TL;DR
This paper uses Extreme Value Statistics to evaluate whether observed galaxy clusters challenge standard cosmological models, finding current observations are consistent with the concordance cosmology when considering full-sky data.
Contribution
It introduces a novel application of Extreme Value Statistics to construct confidence regions in the mass-redshift plane for the most extreme galaxy clusters, aiding in testing cosmological models.
Findings
Observed clusters are consistent with standard cosmology when considering full-sky data.
The mass-redshift diagram can differentiate between cosmological models.

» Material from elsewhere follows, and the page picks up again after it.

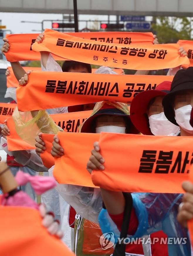 (세종=연합뉴스) 김준범 기자 = 민주노총 서비스연맹 전국요양서비스노동조합 등이 29일 오후 세종시 어진동 고용노동부 앞에서 돌봄노동자 처우개선 등을 요구하며 결의대회를 하고 있다. 2021.9.29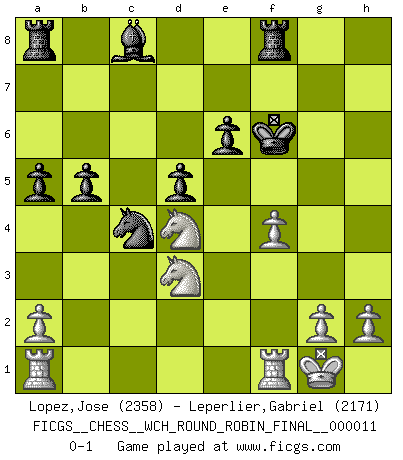 Last move : 0-1 2014 June 18 11:27:24 [Event "FICGS__CHESS__WCH_ROUND_ROBIN_FINAL__000011"] [Site "FICGS"] [Date "2014.03.18"] [Round "1"] [White "Lopez,Jose"] [Black "Leperlier,Gabriel"] [Result "0-1"] [WhiteElo "2358"] [BlackElo "2171"] 1.e4 e6 2.d4 d5 3.Nc3 Nf6 4.e5 Nfd7 5.f4 c5 6.Nf3 Nc6 7.Be3 Qb6 8.Na4 Qa5+ 9.c3 cxd4 10.b4 Nxb4 11.cxb4 Bxb4+ 12.Bd2 Bxd2+ 13.Nxd2 O-O 14.Bd3 b5 15.Nb2 Nb6 16.O-O Nc4 17.Bxh7+ Kxh7 18.Qh5+ Kg8 19.Nf3 g6 20.Qh6 Qc7 21.Nxd4 f6 22.Qxg6+ Qg7 23.Qxg7+ Kxg7 24.exf6+ Kxf6 25.Nd3 a5 0-1 This chess game has been lost on time (started : 2014.03.18 23:0:36) French : Steinitz, Boleslavsky variation Kingside Castling by player Black (move 13) Kingside Castling by player White (move 16) Player Black won this chess game. Follow this game move after move (download)The boy (then a 12 year old boy named Anatoly Karpov) doesn't have a clue about Chess, and there's no future at all for him in this profession. (Mikhail Botvinnik) Ein Buch ist ein Spiegel; wenn ein Affe hineinsieht, so kann kein Apostel heraus gucken. (Georg Christoph Lichtenberg) Cuando tengo las piezas blancas, yo gano porque soy blanco; Cuando tengo las piezas negras, yo gano porque soy Bogolyubov. (Bogolyubov) Le succès, c'est être capable d'aller d'échec en échec sans perdre son enthousiasme. (Winston Churchill) We're missing something. (Gregory House, House M.D.)

No significant tension found between observations and the concordance model.
Abstract
Motivated by recent suggestions that a number of observed galaxy clusters have masses which are too high for their given redshift to occur naturally in a standard model cosmology, we use Extreme Value Statistics to construct confidence regions in the mass-redshift plane for the most extreme objects expected in the universe. We show how such a diagram not only provides a way of potentially ruling out the concordance cosmology, but also allows us to differentiate between alternative models of enhanced structure formation. We compare our theoretical prediction with observations, placing currently observed high and low redshift clusters on a mass-redshift diagram and find -- provided we consider the full sky to avoid a posteriori selection effects -- that none are in significant tension with concordance cosmology.